Selling Your Home? Here’s What You Should Know About Taxes
Though tax time is no one’s favorite time of year, knowing how your tax situation is affected by certain events – like the sale of your home – is of no small importance. If you want to sell your home or are in the process of doing so, there are specific tax implications to consider. Here’s what you should know.
Will I have to pay taxes if I sell my home?
If you sell your home for more money than you bought it, you may owe taxes on the amount between those two numbers. The IRS does have some favorable rules, however, that could help you qualify for an “exclusion of gain”.
Whether you have a capital gain or capital loss (essentially, whether you gained money or lost money on the sale of your home) is determined by subtracting the amount you paid for your home from the amount you sold it for.
If the number is positive, it is called a capital gain. If it is negative, it is a capital loss.
What is “Exclusion of gain”?
Exclusion of gain is an “exclusion from being required” to pay taxes on the sale of your home. There are eligibility requirements for this that have to do with how you file your taxes (single vs. married), how much money you made on the sale (your capital gains), as well as how long you’ve owned and lived in your home.
The IRS offers an exclusion of gain of $250,000 for single filers and $500,000 for married couples who file jointly, if certain requirements are met.
The exclusion works like this:
Let’s pretend bought a home 15 years ago for $150,000 and sold it today for $700,000. This means your profit is $550,000. (Congratulations!)
If you are married and able to file taxes as “married filing jointly,” you may not have to pay taxes for $500,000 of that profit.
If you are only able to file taxes as “single,” then the amount that is not taxable may only be $250,000. You may owe capital gains tax on the other $300,000.
How to qualify for the exclusion of gain
The following eligibility requirements must be met to qualify for the exclusion of gain:
- You need to have owned the home for at least two out of five years before the closing date.
- You need to have resided in the home as your primary residence for two out of five years before the closing date. (does not have to be consecutive)
- You need to have not sold a home in the previous two years from the closing date. If you have sold in the previous two years and did not take an exclusion of gain for that sale, then you can still qualify.

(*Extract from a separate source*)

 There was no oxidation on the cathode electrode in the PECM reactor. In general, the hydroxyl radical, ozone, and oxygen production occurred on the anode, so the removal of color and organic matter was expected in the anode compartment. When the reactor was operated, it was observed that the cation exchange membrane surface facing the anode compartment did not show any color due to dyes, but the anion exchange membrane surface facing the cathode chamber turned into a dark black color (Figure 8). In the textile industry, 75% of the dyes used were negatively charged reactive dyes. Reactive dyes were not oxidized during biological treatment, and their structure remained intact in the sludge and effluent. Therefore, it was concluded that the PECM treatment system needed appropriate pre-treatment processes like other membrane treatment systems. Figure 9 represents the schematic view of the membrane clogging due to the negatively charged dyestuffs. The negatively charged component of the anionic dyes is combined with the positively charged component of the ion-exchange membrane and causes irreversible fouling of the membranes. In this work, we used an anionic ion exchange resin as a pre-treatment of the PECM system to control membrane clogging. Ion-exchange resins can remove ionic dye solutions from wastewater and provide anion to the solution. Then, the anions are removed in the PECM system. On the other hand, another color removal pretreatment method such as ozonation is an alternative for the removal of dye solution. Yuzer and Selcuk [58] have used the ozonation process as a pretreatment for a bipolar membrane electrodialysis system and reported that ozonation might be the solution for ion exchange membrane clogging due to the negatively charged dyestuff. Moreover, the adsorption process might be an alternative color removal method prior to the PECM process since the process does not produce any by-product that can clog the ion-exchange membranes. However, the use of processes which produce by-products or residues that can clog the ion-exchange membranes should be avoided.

There are some exceptions to the requirements above if you’ve lived in your home for at least a year and experienced a life-altering event that triggered the sale of your home. You could be eligible for a full or partial exclusion of gain for events such as divorce, becoming widowed, becoming ill or disabled/incapacitated, if your former home was destroyed, or if you were a service member.
Disqualifications for the exclusion of gain
There are specific things that can disqualify you from the exclusion of gain, such as having to pay expatriate tax, or if you acquired your home in a like-kind exchange in the previous five years. Additionally, the home must be the primary residence you’ve lived in for at least two years. So if this is your vacation home or you sell before owning it for two years, it’s likely you will not qualify.
If you’re selling your home, you may not have to pay capital gains tax depending on your situation. However, it’s important to note the limitations and qualifications so you know what you’re in for come tax time.